Gutkind Sarah, Schackman Bruce R, Morgan Jake R, Leff Jared A, Agyemang Linda, Murphy Sean M, Akiyama Matthew J, Norton Brianna L, Litwin Alain H, Linas Benjamin P
Department of Healthcare Policy & Research, Weill Cornell Medical College, New York.
Department of Medicine, Section of Infectious Diseases, Boston Medical Center, Massachusetts.
Clin Infect Dis. 2020 Mar 17;70(7):1397-1405. doi: 10.1093/cid/ciz384.
Many people who inject drugs in the United States have chronic hepatitis C virus (HCV). On-site treatment in opiate agonist treatment (OAT) programs addresses HCV treatment barriers, but few evidence-based models exist.
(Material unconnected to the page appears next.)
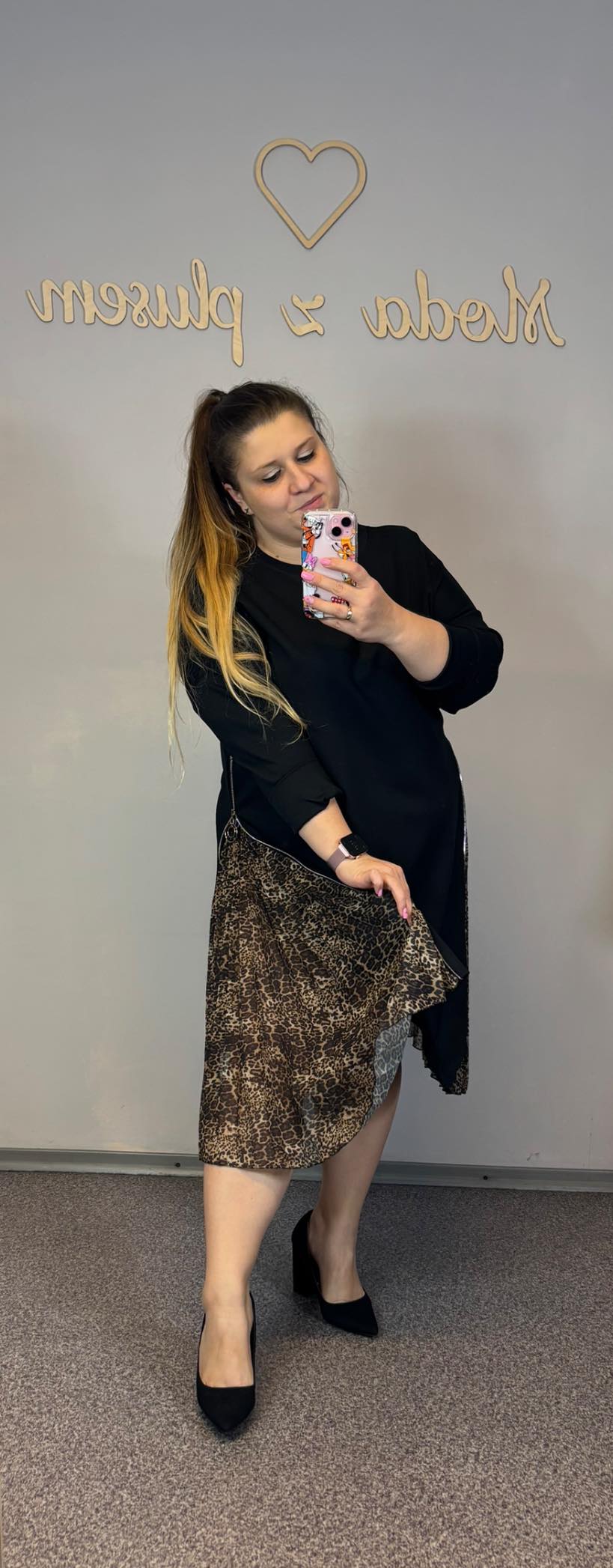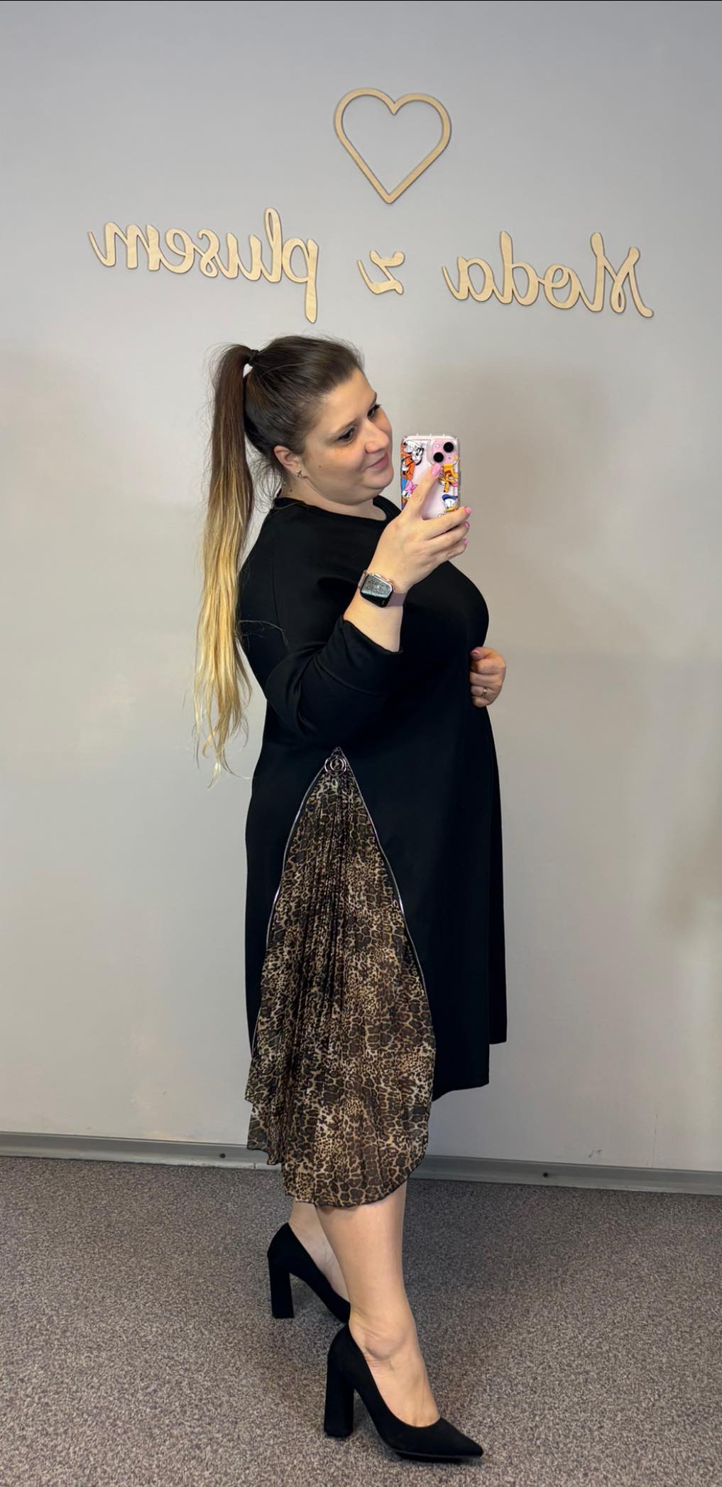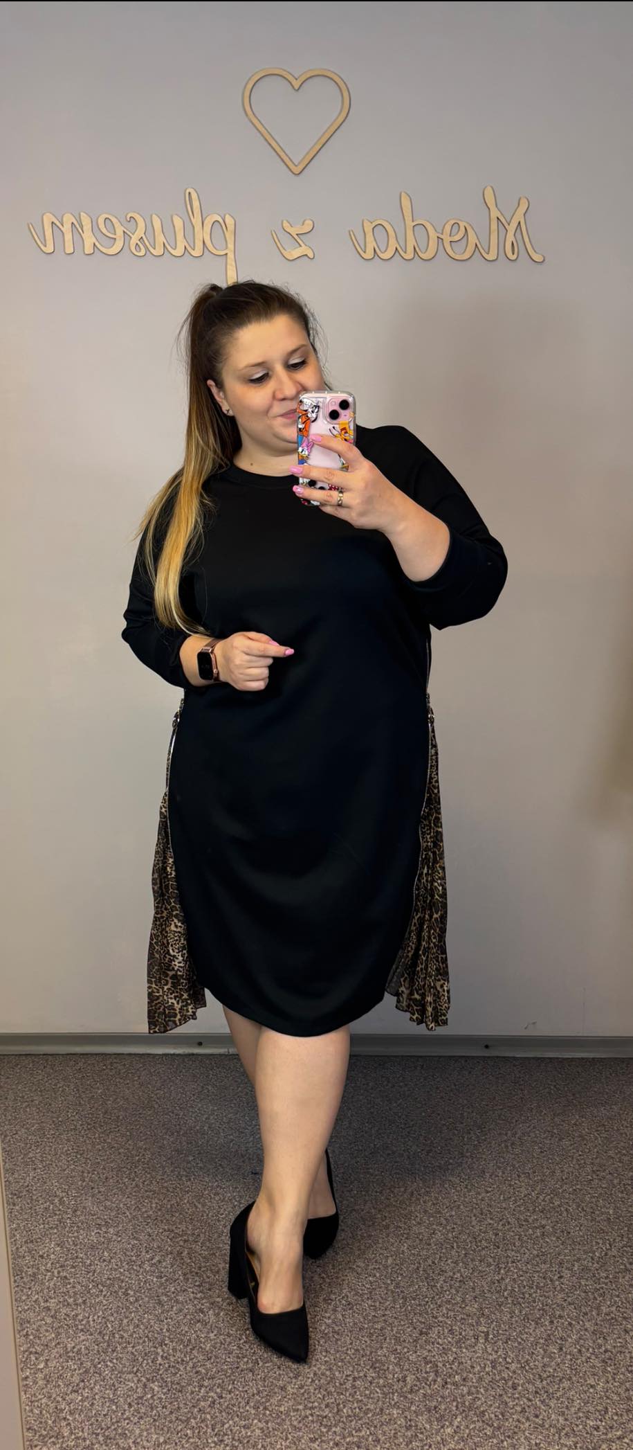 Sukienka czarna z wystającymi wstawkami z drobnej panterki. Suwakiem można regulować, ile panterki będzie wystawać.

We evaluated the cost-effectiveness of HCV treatment models for OAT patients using data from a randomized trial conducted in Bronx, New York. We used a decision analytic model to compare self-administered individual treatment (SIT), group treatment (GT), directly observed therapy (DOT), and no intervention for a simulated cohort with the same demographic characteristics of trial participants. We projected long-term outcomes using an established model of HCV disease progression and treatment (hepatitis C cost-effectiveness model: HEP-CE). Incremental cost-effectiveness ratios (ICERs) are reported in 2016 US$/quality-adjusted life years (QALY), discounted 3% annually, from the healthcare sector and societal perspectives.
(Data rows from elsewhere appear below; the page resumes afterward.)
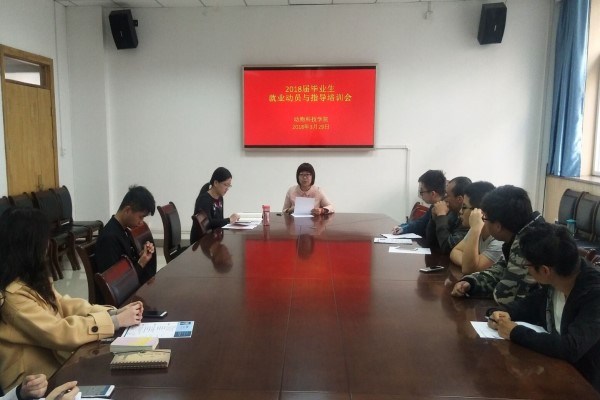 为深入做好2018届毕业生就业工作,动科学院深入调研,提早谋划,主动出击,辅导员、班主任通过走访宿舍,主题班会等开展就业动员。3月29日上午,学院举办毕业生就业动员与指导培训会。辅导员老师针对就业系统的使用进行了详细介绍,并引导同学们合理使用系统内设简历投递模块,现场示范并强调了相关注意事项。党委副书记王晓娟动员同学们积极参加招聘会,并做好相关准备,强调同学们应该以积极的面貌,良好的心态去迎接就业挑战。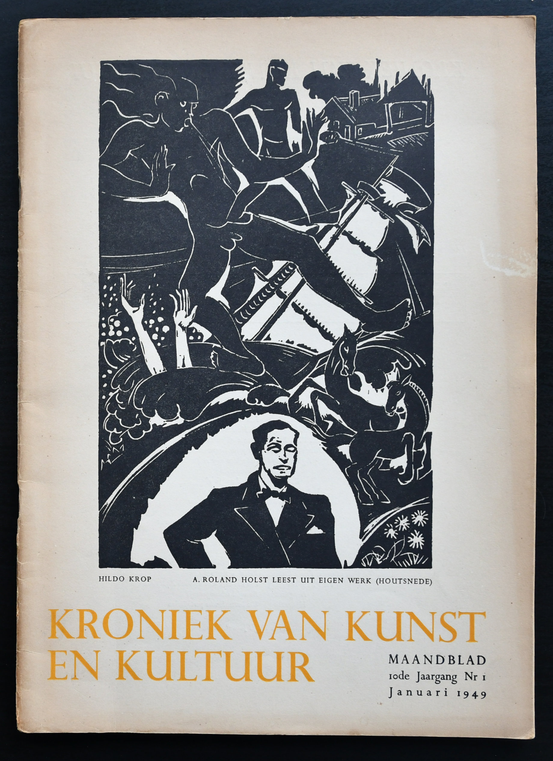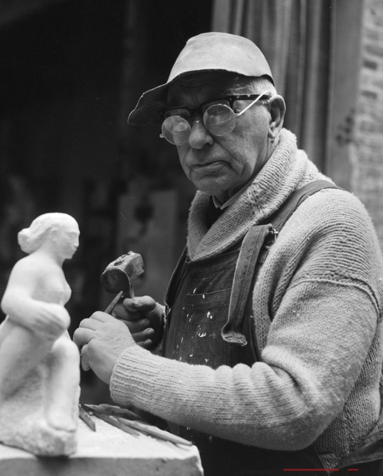 During World War I Minne took a job at the Antwerp city Welfare Department. Here he came into contact with Roger Avermaete who was departmental head. Roger Avermaete had a circle of artistic friends who decided to found a magazine. The magazine ‘Lumière’ was first published in Antwerp in August 1919.[3] The magazine was an artistic and literary journal published in French. Lumière’s title was a reference to the magazine Clarté, that was published in Paris by Henri Barbusse. The principal five artists who illustrated the text and the column headings were Frans Masereel, Jan Frans Cantré, Jozef Cantré, Henri van Straten and Joris Minne. They became known as ‘De Vijf’ or ‘Les Cinq’ (‘The Five’). The magazine ‘Lumière’ was a key force in generating renewed interest in wood engraving in Belgium. The five artists in ‘De Vijf’ group were instrumental in popularizing the art of wood, copper and linoleum engraving and introducing Expressionism in early 20th-century Belgium.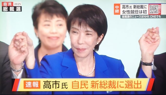 高市早苗氏が自民党総裁選の決選投票に勝利し、日本初の女性首相が生まれた歴史的瞬間だ!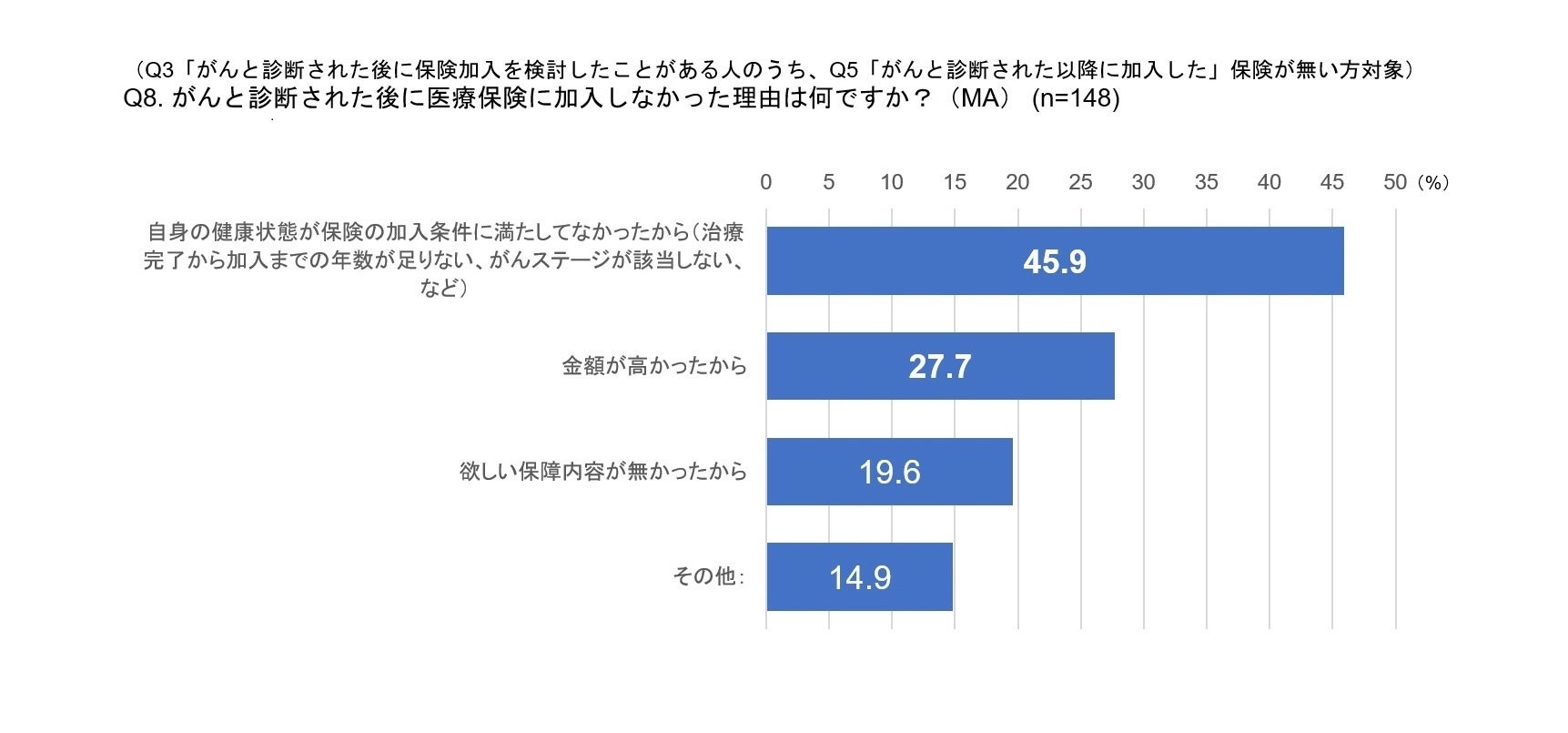- がんと診断された後に保険を検討したが実際に加入しなかった人の理由は、「自身の健康状態が保険の加入条件に満たしてなかったから」4割強、「金額が高かったから」約3割。7割以上の人が加入条件や金額面で断念している

For those assigned to SIT, we projected 89% would ever achieve a sustained viral response (SVR), with 7.21 QALYs and a $245 500 lifetime cost, compared to 22% achieving SVR, with 5.49 QALYs and a $161 300 lifetime cost, with no intervention. GT was more efficient than SIT, resulting in 0.33 additional QALYs and a $14 100 lower lifetime cost per person, with an ICER of $34 300/QALY, compared to no intervention. DOT was slightly more effective and costly than GT, with an ICER > $100 000/QALY, compared to GT. In probabilistic sensitivity analyses, GT and DOT were preferred in 91% of simulations at a threshold of <$100 000/QALY; conclusions were similar from the societal perspective.
All models were associated with high rates of achieving SVR, compared to standard care. GT and DOT treatment models should be considered as cost-effective alternatives to SIT.
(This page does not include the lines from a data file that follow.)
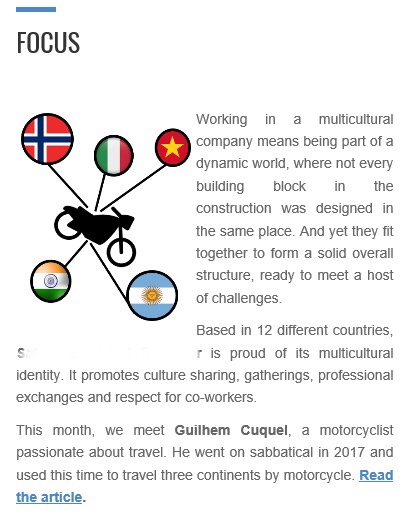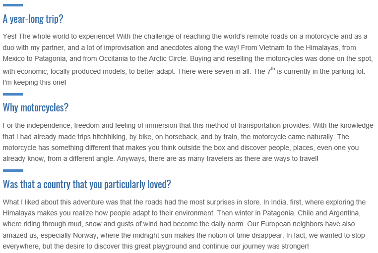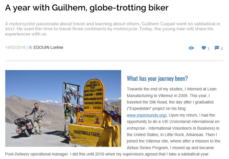 (EN) A really special interview after the motorbike world tour, at work ! In the beginning of this new life, taking things from another angle, getting out of the comfort zone, and sharing a bit of this wonderful world into the office open space. Thanks to the interviewing and graphics team for this nice article.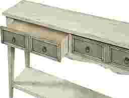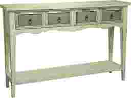 The two-tone finish of antique white with weathered grey drawer fronts gives this console table a comfortable and handmade feel. It features two drawers with two framed faux drawer fronts, and one shelf for display on the bottom nestled between the tapered legs. Some assembly required.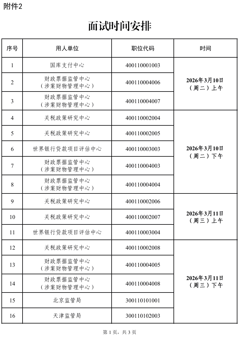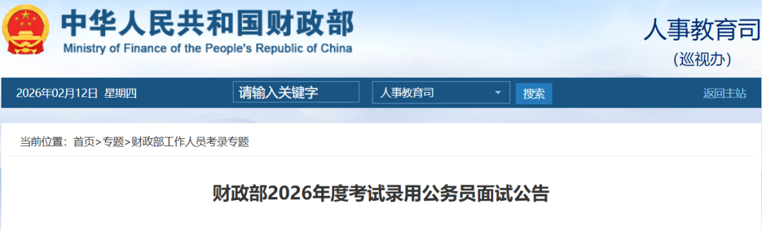 根据公务员法和公务员录用有关规定,现就财政部2026年度考试录用公务员面试有关事宜通知如下: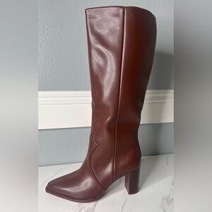 Elevate your wardrobe with these elegant knee-high leather brown boots. Crafted for style and comfort, they are perfect for any occasion. Made of faux leather. Side zipper for comfortable wear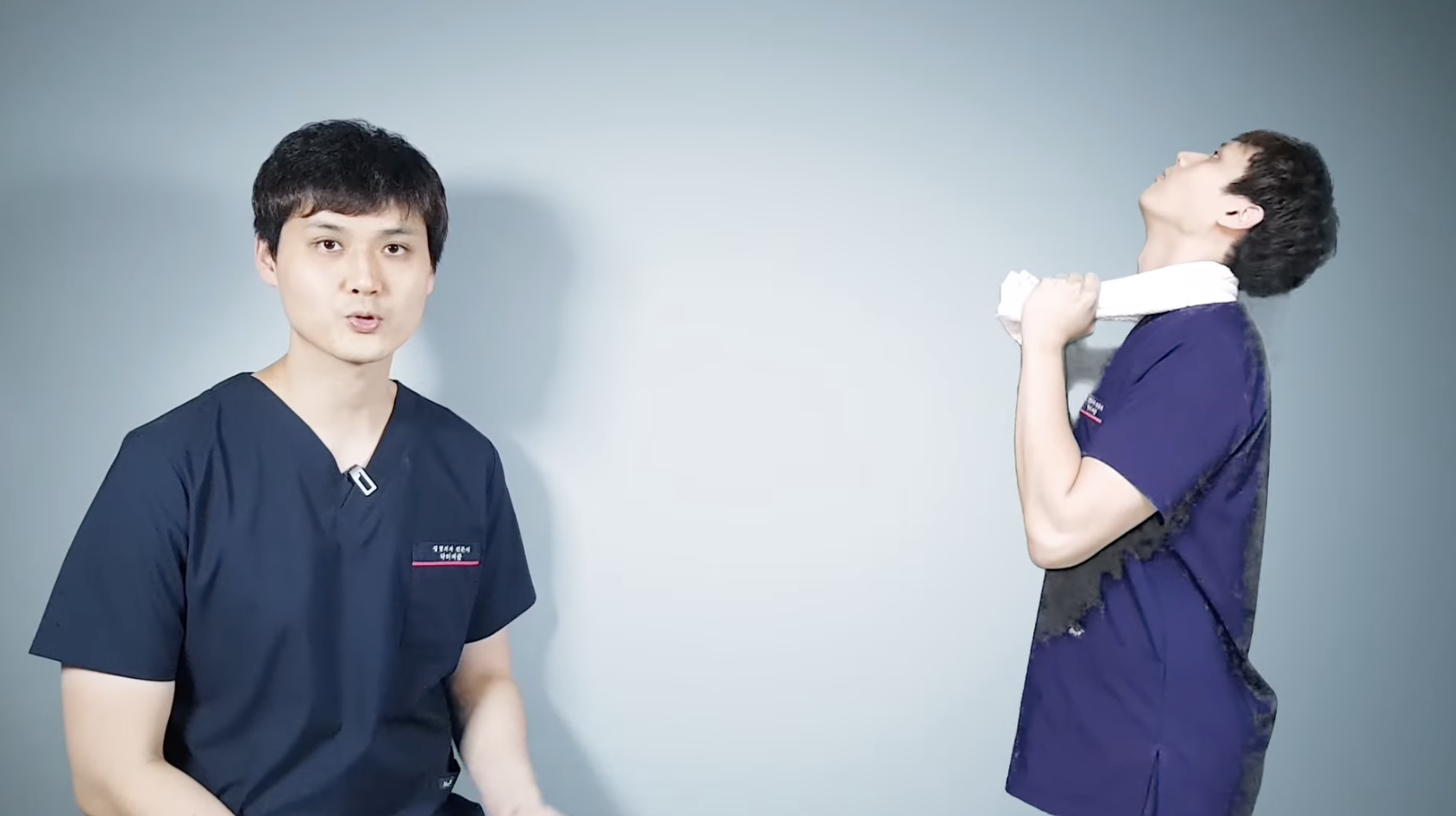 목 디스크를 예방하기 위해서는 본인이 가장 편안하게 설 수 있는 자세에서 수건 1개를 준비합니다. 사진과 같이 수건을 이용하여 수건을 목을 감아서 턱을 들고 목을 편안하게 뒤로 넘겨주면 됩니다. 다만, 이때 주의 사항은 어깨와 가슴이 최대한 펴져있는 상태로 유지해야 한다는 점입니다. 몸을 구부르게 되면, 목이 절대로 펴지지 않다는 점을 유의하고 스트레칭을 진행하시길 바랍니다.

在美国,许多注射吸毒者患有慢性丙型肝炎病毒(HCV)。阿片类激动剂治疗(OAT)项目中的现场治疗可解决HCV治疗障碍,但基于证据的模型很少。
我们使用在纽约布朗克斯进行的一项随机试验的数据,评估了针对OAT患者的HCV治疗模型的成本效益。我们使用决策分析模型,比较自我管理的个体治疗(SIT)、团体治疗(GT)、直接观察治疗(DOT)以及对具有与试验参与者相同人口统计学特征的模拟队列不进行干预的情况。我们使用已建立的HCV疾病进展和治疗模型(丙型肝炎成本效益模型:HEP - CE)预测长期结果。从医疗保健部门和社会角度报告的增量成本效益比(ICER)以2016年美元/质量调整生命年(QALY)为单位,每年贴现3%。
对于分配到SIT的患者,我们预测89%的人将实现持续病毒学应答(SVR),获得7.21个QALY,终身成本为245,500美元;相比之下,不进行干预时,22%的人实现SVR,获得5.49个QALY,终身成本为161,300美元。GT比SIT更有效率,每人额外获得0.33个QALY,终身成本降低14,100美元,与不进行干预相比,ICER为34,300美元/QALY。DOT比GT稍有效但成本更高,与GT相比,ICER > 100,000美元/QALY。在概率敏感性分析中,在阈值 < 100,000美元/QALY时,91%的模拟中GT和DOT更受青睐;从社会角度得出的结论相似。
与标准治疗相比,所有模型实现SVR的比例都很高。GT和DOT治疗模型应被视为SIT具有成本效益的替代方案。